In an overhanging tree at the edge of the river, I saw dozens of Little Egrets and it was completely, breathtakingly insane to see them suddenly take wings and fly over the papyrus reeds…
Cormorrant
Phalacrocoracidae is a family of some 40 species of aquatic birds commonly known as cormorants and shags. Several different classifications of the family have been proposed recently, and the number of genera is disputed. There is no consistent distinction between “cormorants” and “shags”, and these appellations have been assigned to different species randomly.
Cormorants and shags are medium-to-large birds, with body weight in the range of 0.35–5 kilograms (0.77–11.02 lb) and wing span of 45–100 centimetres (18–39 in). The majority of species have dark feathers. The bill is long, thin and hooked. Their feet have webbing between all four toes. All species are fish-eaters, catching the prey by diving from the surface. They are excellent divers, and under water they propel themselves with their feet with help from their wings; some cormorant species have been found to dive as deep as 45 metres. They have relatively short wings due to their need for economical movement underwater, and consequently have the highest flight costs of any bird.
Cormorants nest in colonies around the shore, on trees, islets or cliffs.
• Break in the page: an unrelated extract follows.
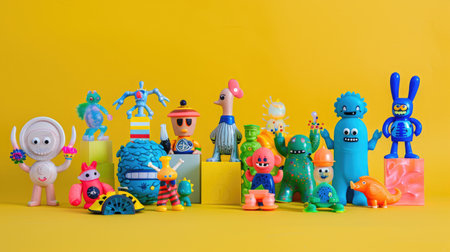 A lively assortment of retro style toys and figurines in vivid colors arranged on a bright yellow background, ideal for creative and playful visuals.
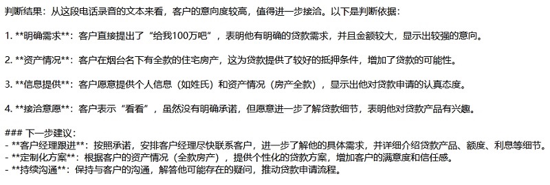 精準捕捉客戶對話中的關(guān)鍵詞與情緒傾向,識別潛在需求與隱性顧慮,為后續(xù)溝通策略提供數(shù)據(jù)支持。

They are coastal rather than oceanic birds, and some have colonised inland waters – indeed, the original ancestor of cormorants seems to have been a fresh-water bird. They range around the world, except for the central Pacific islands
African Darter
The African darter (Anhinga rufa), sometimes called the snakebird, is a water bird of sub-Saharan Africa and Iraq.
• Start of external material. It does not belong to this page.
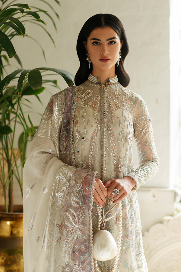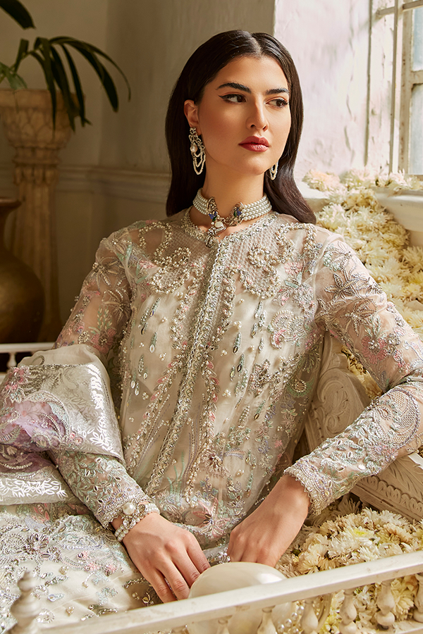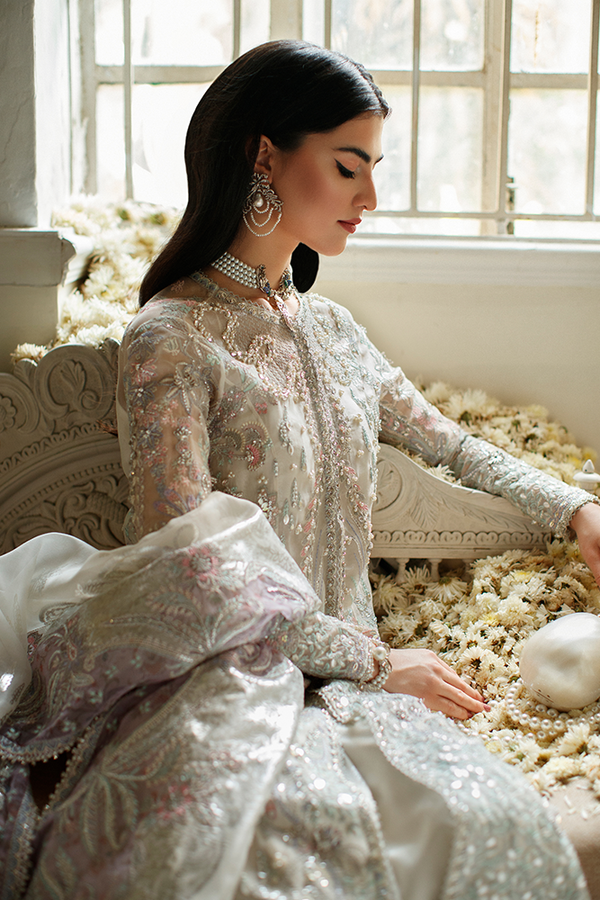 - Silver foil screen printed organza dupatta with digital print accents and embroidered borders all around

Looking at its long neck and its small head and sharp pointy beak, seemingly extending that neck I immediately understood the origin of the name Snakebird….
African Fish Eagle
One of the highlights of the tour was something I had seen before in Kenya on Lake Baringo. Using a high note whistle, an African Fish Eagle is alerted on our presence. A fish is waved above head so the eagle sees it and then thrown in the water. The eagle ascends in to the sky and the photographers direct they’re telelenses towards the floating fish that has a cork in its stomach. Then the eagle drops itself on the fish and ascends again towards a tree on the shore to digest its freshly caught prey. And this was the result of my first attempt at photographing that eagles strike…
Well … this had been a completely awesome day and I still think that some of the pics I took from the African Fish Eagle and from the Snakebird (especially the silhouetted one) are arguably one of my best photographic works yet.